Bencana banjir dan tanah longsor
yang terjadi di Sulawesi Utara dan Jawa Tengah ini bukan saja tidak terduga
karena terjadi menjelang memasuki musim kemarau, melainkan juga memprihatinkan
karena dilaporkan ada sejumlah korban tewas. Badan SAR Nasional (Basarnas)
merilis data sementara jumlah korban tewas akibat banjir dan tanah longsor di
Sangihe berjumlah empat orang. Sementara di Jawa Tengah, korban bencana
tercatat sebanyak 40 jiwa tewas dan minimal enam orang luka-luka akibat terkena
longsoran, serta sembilan warga belum ditemukan alias masih hilang. Artinya,
tidak mustahil jumlah korban tewas akan bertambah lagi karena hingga saat ini
pencarian dan evakuasi terhadap korban bencana terus dilakukan.
Faktor penyebab
Faktor penyebab terjadinya banjir
dan tanah longsor seperti yang terjadi di sejumlah daerah di Indonesia sudah
barang tentu sangat kompleks. Akan tetapi, dari berbagai faktor penyebab yang
bisa diidentifikasi, anomali cuaca dan perubahan iklim dunia yang terjadi
sesungguhnya adalah biang kerok yang seharusnya paling bertanggung jawab
terhadap kejadian bencana di berbagai belahan dunia, tak terkecuali di Tanah
Air.
Ada sejumlah faktor penyebab
terjadinya bencana di Jawa Tengah, Sulawesi Utara, dan beberapa daerah lain di
Indonesia. Pertama, perubahan iklim selain dapat meningkatkan siklus air
sehingga mengubah aliran sungai di berbagai belahan dunia dalam hal jumlah,
waktu, distribusi musiman, kualitas air, dan ekosistem, yang tak kalah
mencemaskan perubahan iklim juga menyebabkan terjadinya banjir karena kenaikan
permukaan air laut dan luapan sungai.
Dalam salah satu penelitian di
Inggris ditemukan bahwa perubahan iklim berdampak pada meningkatnya risiko
banjir. Dari data 1998-2012, tingginya curah hujan menyebabkan banjir, juga
tanah longsor, yang pada akhirnya menyebabkan puluhan korban meninggal dunia.

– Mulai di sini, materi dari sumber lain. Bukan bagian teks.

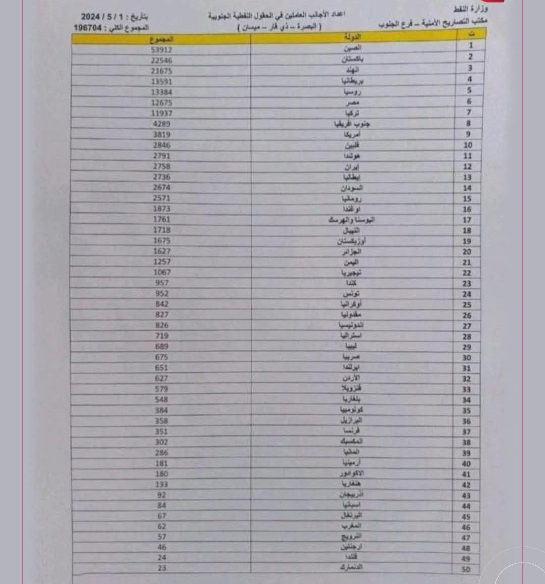 197 ألف عامل أجنبي في حقول الجنوب.. دعوات لإحلال العمالة الوطنية وميسان تشتعل
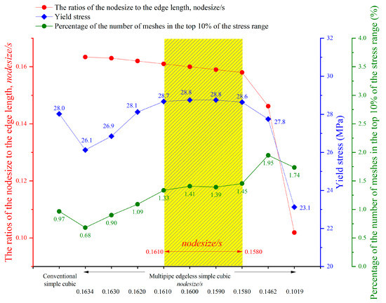 - Through nonlinear static FEA, it was confirmed that the optimized multipipe edgeless simple cubic unit cell improved the properties of yield stress and stress concentration. In the optimized multipipe edgeless parameters presented in this study, the yield stress of multipipe edgeless simple cubic unit cell with 0.1610 ≤ ≤ 1.1580 was improved by approximately 2.9% compared to that of the conventional simple cubic unit cell. However, it was observed that the improvement was less effective than the fillet edgeless function.

Klaim asuransi meningkat hingga 500 juta poundsterling. Kerugian tercatat
hingga 5,5 miliar poundsterling. Puluhan ribu rumah dan ribuan bisnis terkena
banjir, serta rusaknya fasilitas jembatan, dan area pertanian (Hannaford,
2015).
Kedua, perubahan iklim dapat
berdampak pada ketersediaan pangan dan naiknya harga bahan makanan karena
menurunnya hasil panenan. Bila cuaca ekstrem seperti kekeringan dan gelombang
panas semakin sering terjadi, diperkirakan terjadi kenaikan harga hingga 30
persen. Diperkirakan secara global terjadi penurunan produksi jagung, gandum, dan
beras masing-masing sebesar 10, 7, dan 6 persen. Dalam kondisi terbatasnya air,
biasanya petani cenderung memperluas lahan atau mengganti tanamannya dengan
komoditas berharga jual lebih tinggi (Ignaciuk & Mason-D-Croz, 2014).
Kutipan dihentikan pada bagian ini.